Targeting Amyloid Plaques
Kisunla is an amyloid-directed antibody designed to target and remove amyloid plaques, a hallmark of Alzheimer's disease. These plaques, formed by the accumulation of aggregated amyloid-beta peptides, are believed to contribute to neurotoxicity and cognitive decline. Kisunla works by enhancing the body's immune system to clear these plaques.

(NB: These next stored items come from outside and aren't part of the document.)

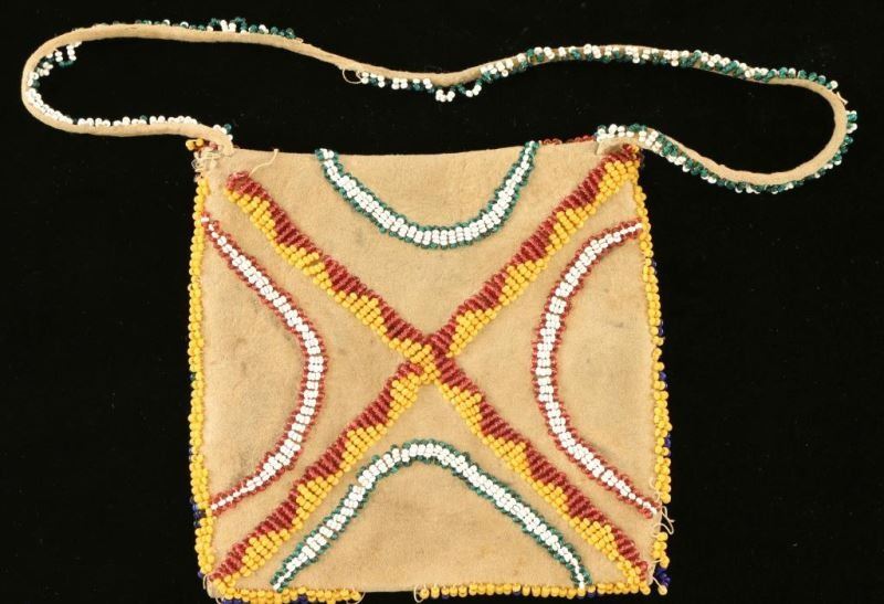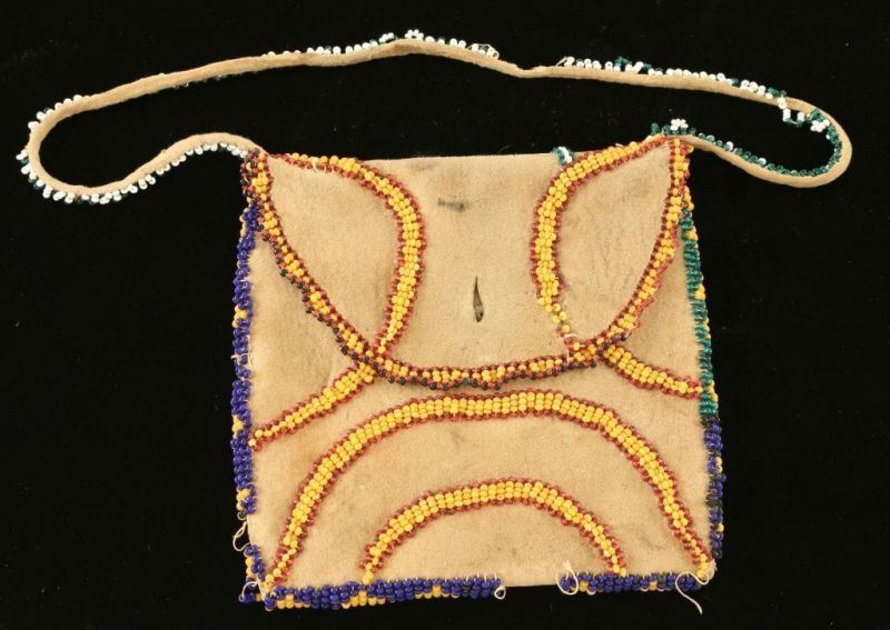 Square leather purse with beaded handle and geometric design in gold, red, green, white and blue. Designs on both side of bag. Measures 4 3/4"x5". 20th century. Scattered losses to beads and button to close flap is missing.
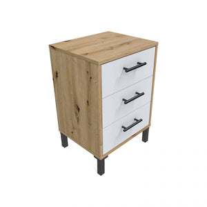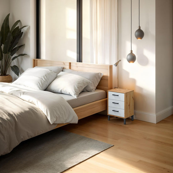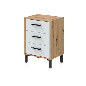 Su estructura cuenta con un acabado en roble natural, proporcionando un aspecto cálido y acogedor que contrasta armoniosamente con los frentes de los cajones en blanco, aportando un toque de luminosidad y sofisticación. Las patas elevadas de metal negro no solo refuerzan su estabilidad, sino que también le dan un estilo industrial moderno, permitiendo que la pieza se integre fácilmente en decoraciones de inspiración nórdica, minimalista o contemporánea.
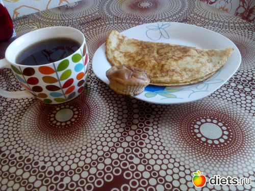 Завтрак - овсяноблин с сырной начинкой 160г + творожно-банановый ПП маффин + чай

The approval was based on Phase III data from the TRAILBLAZER-ALZ 2 trial, conducted by Eli Lilly and Company. The trial involved 2736 participants across eight countries, all with early symptomatic Alzheimer's disease. Results demonstrated statistically significant improvement in cognitive and functional assessments compared to the placebo group over 76 weeks. These assessments included the Integrated Alzheimer’s Disease Rating Scale (iADRS), the Alzheimer’s Disease Assessment Scale-Cognitive subscale (ADAS-Cog13), and the Alzheimer’s Disease Cooperative Study – Instrumental Activities of Daily Living (ADCS-iADL) scale.
Clinical Trial Outcomes
A notable outcome of the trial was the potential for patients to discontinue treatment once amyloid plaques were reduced to undetectable levels. Approximately 47% of patients reached this milestone at the one-year follow-up, and 69% at the 1.5-year follow-up, potentially reducing long-term treatment costs and exposure to the medication.
Safety and Monitoring
Despite its efficacy, Kisunla carries safety risks, including Amyloid-Related Imaging Abnormalities (ARIA), such as temporary brain swelling. In some instances, ARIA can be severe or even fatal. Patients with the ApoE ε4 gene are more susceptible to developing ARIA. The FDA mandates pre-treatment MRI scans and consistent monitoring during therapy to detect ARIA. Warning signs include headaches, dizziness, nausea, confusion, and blurred vision.
Cost and Access
The cost of Kisunla treatment is a significant consideration. The estimated cost for six months of treatment is approximately $12,522, with each vial costing around $696. Medicare may offer sponsorship for Kisunla and diagnostic tests to determine patient eligibility. Eli Lilly & Co. provides a support program for those seeking access to the drug.
Implications for Alzheimer's Management
The approval of Kisunla represents a shift in Alzheimer's disease management, offering a treatment that can potentially slow disease progression and allow patients to discontinue therapy based on biomarker improvement. Anne White, Executive Vice President at Eli Lilly, emphasized the importance of early-stage treatment. Kisunla is also under further investigation in the TRAILBLAZER-ALZ 3 study, which aims to mitigate the development of symptomatic Alzheimer’s in patients with early biomarker indicators of the disease.